__Work to complete__
What you give back must match the records below exactly, apart from the pictures, which are omitted.
[Data for processing Boundary: Start]
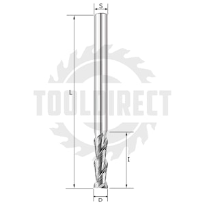 Фреза спиральная Z2 двухзаходная по алюминию, акрилу и композитным плитам ПВХ D=6x22x65 S=6 Rotis артикул 138.062265AL
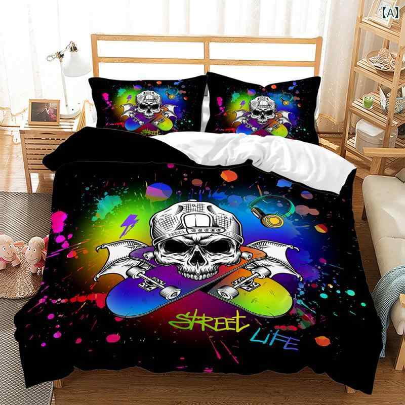 ・印染工法: デジタルプリント・織り方: ピーチスキン加工・カラー: マルチカラー・主な素材: 化学繊維・スタイル: ベッドスプレッドタイプ・テイスト: カートゥーン・対応ベッドサイズ: 1.5mベッド用・カテゴリ: 寝具セット・セット内容: 2点セット、3点セット・サイズ展開: 135x200cm, 140x210cm, 173x228cm, 155x220cm, 180x210cm, 200x200cm, 200x229cm, 210x210cm, 210x245cm, 220x230cm, 220x260cm, 229x229cm, 229x264cm, 235x260cm 布団カバー スカル 骸骨 3Dデジタルプリント ポリエステル 起毛加工 3点セット 洗える 速乾性 肌触りやわらか ベッドルーム 寝室 普段使い 個性的 デザイン 寝具カバー 5,488 ~
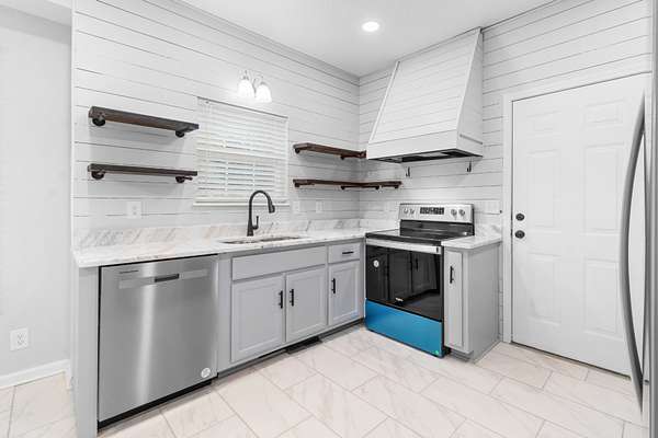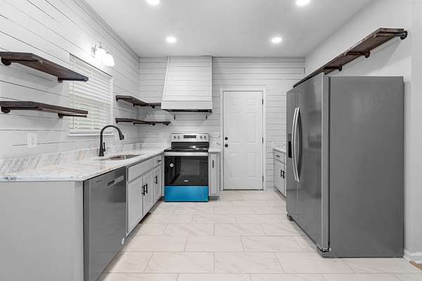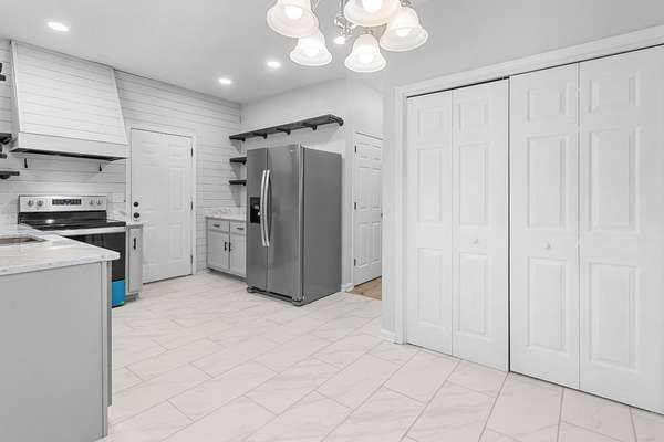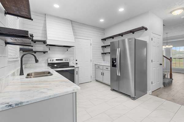 - Built-In Electric Range, Dishwasher, Disposal, Microwave, Refrigerator
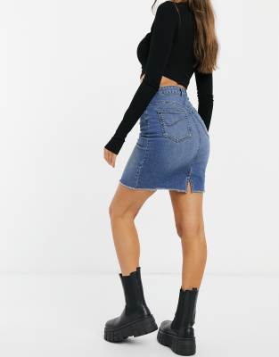 Only Eliza Jeans Minirock Mit Unverarbeitetem Saum In Verwaschenem Mittelblau Fodesep
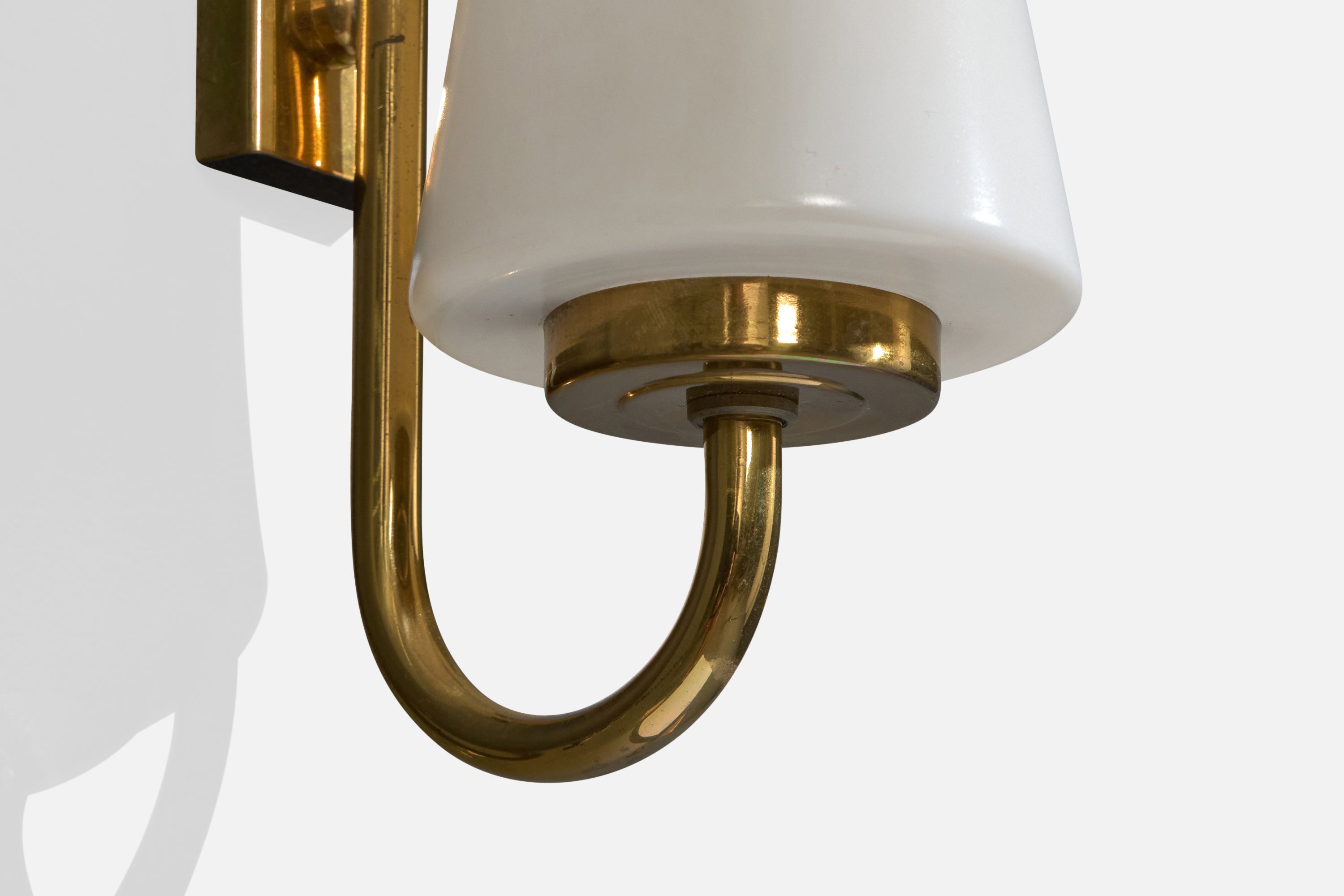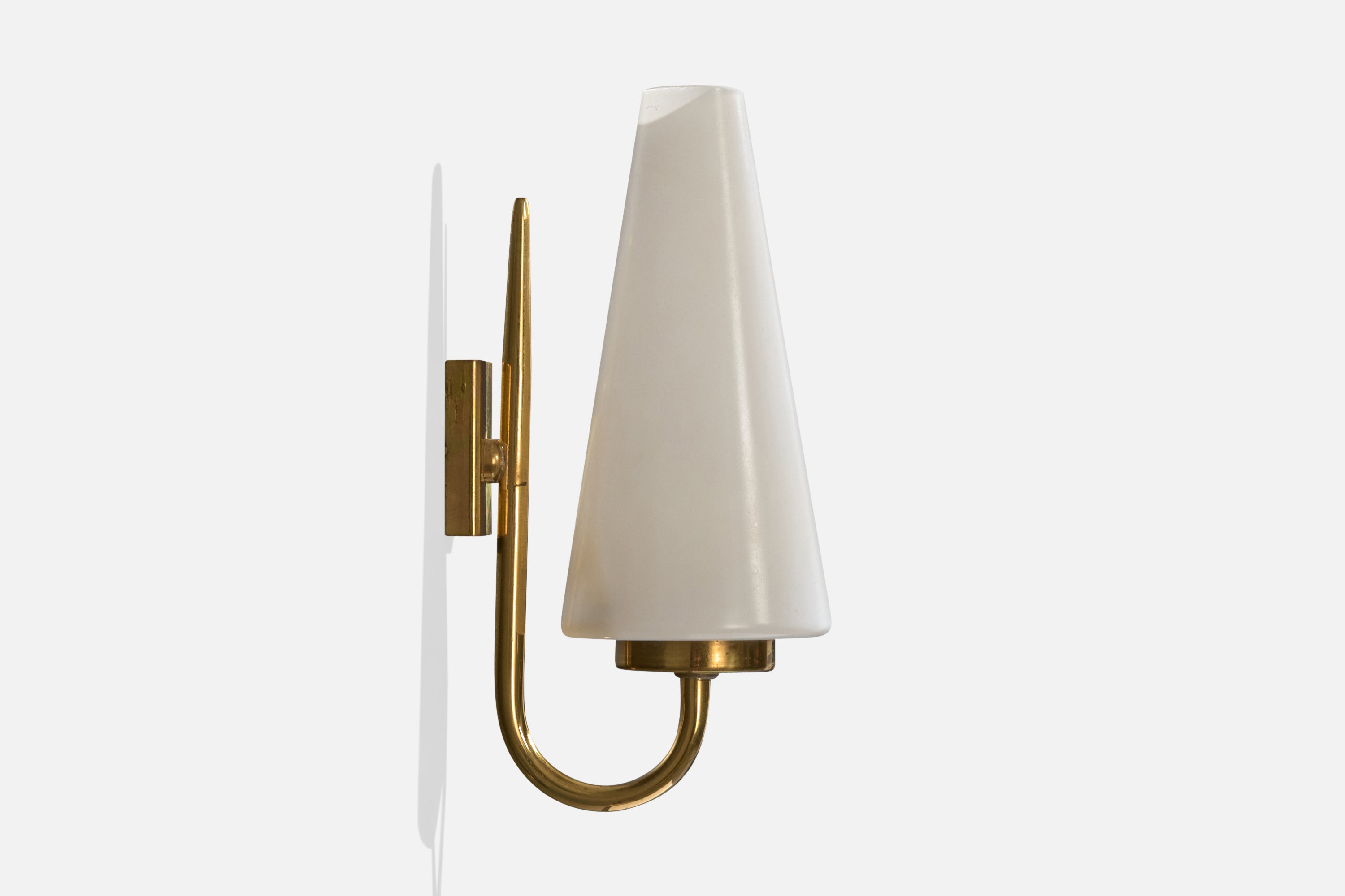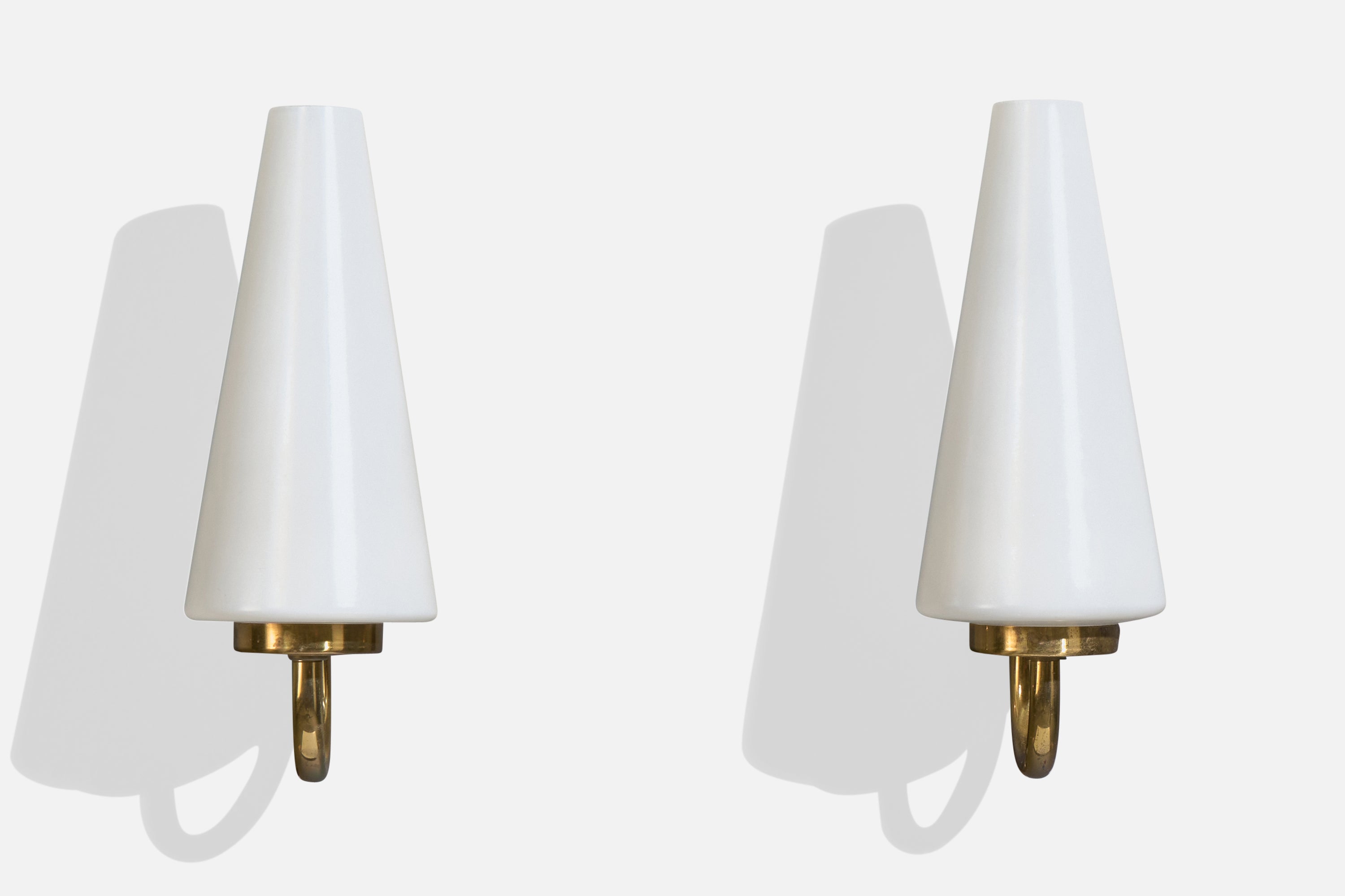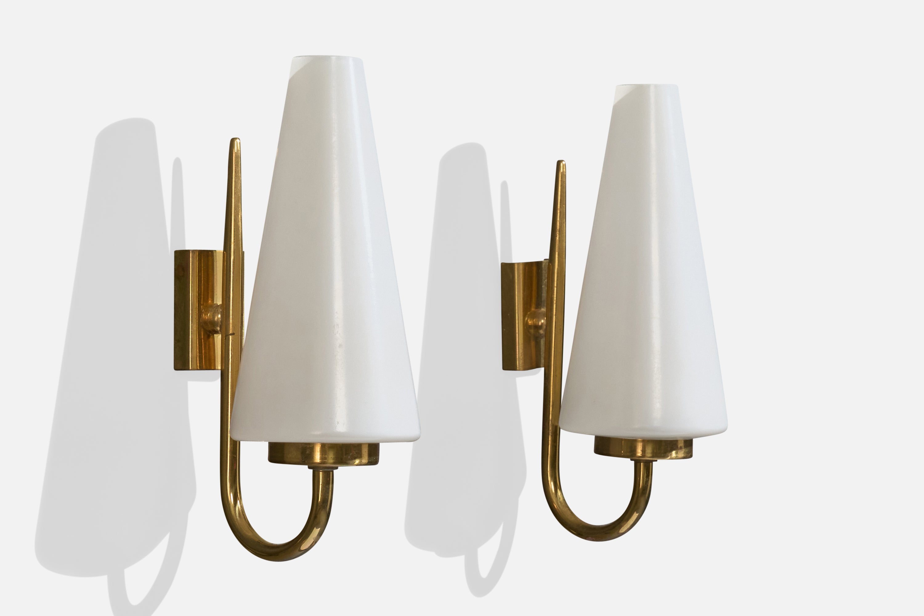 A pair of brass and white opaline glass wall lights designed and produced in France, c. 1950s.
[Data for processing Boundary: End]
__Solution to the exercise__
 Фреза спиральная Z2 двухзаходная по алюминию, акрилу и композитным плитам ПВХ D=6x22x65 S=6 Rotis артикул 138.062265AL
 ・印染工法: デジタルプリント・織り方: ピーチスキン加工・カラー: マルチカラー・主な素材: 化学繊維・スタイル: ベッドスプレッドタイプ・テイスト: カートゥーン・対応ベッドサイズ: 1.5mベッド用・カテゴリ: 寝具セット・セット内容: 2点セット、3点セット・サイズ展開: 135x200cm, 140x210cm, 173x228cm, 155x220cm, 180x210cm, 200x200cm, 200x229cm, 210x210cm, 210x245cm, 220x230cm, 220x260cm, 229x229cm, 229x264cm, 235x260cm 布団カバー スカル 骸骨 3Dデジタルプリント ポリエステル 起毛加工 3点セット 洗える 速乾性 肌触りやわらか ベッドルーム 寝室 普段使い 個性的 デザイン 寝具カバー 5,488 ~
 - Built-In Electric Range, Dishwasher, Disposal, Microwave, Refrigerator
 Only Eliza Jeans Minirock Mit Unverarbeitetem Saum In Verwaschenem Mittelblau Fodesep
 A pair of brass and white opaline glass wall lights designed and produced in France, c. 1950s.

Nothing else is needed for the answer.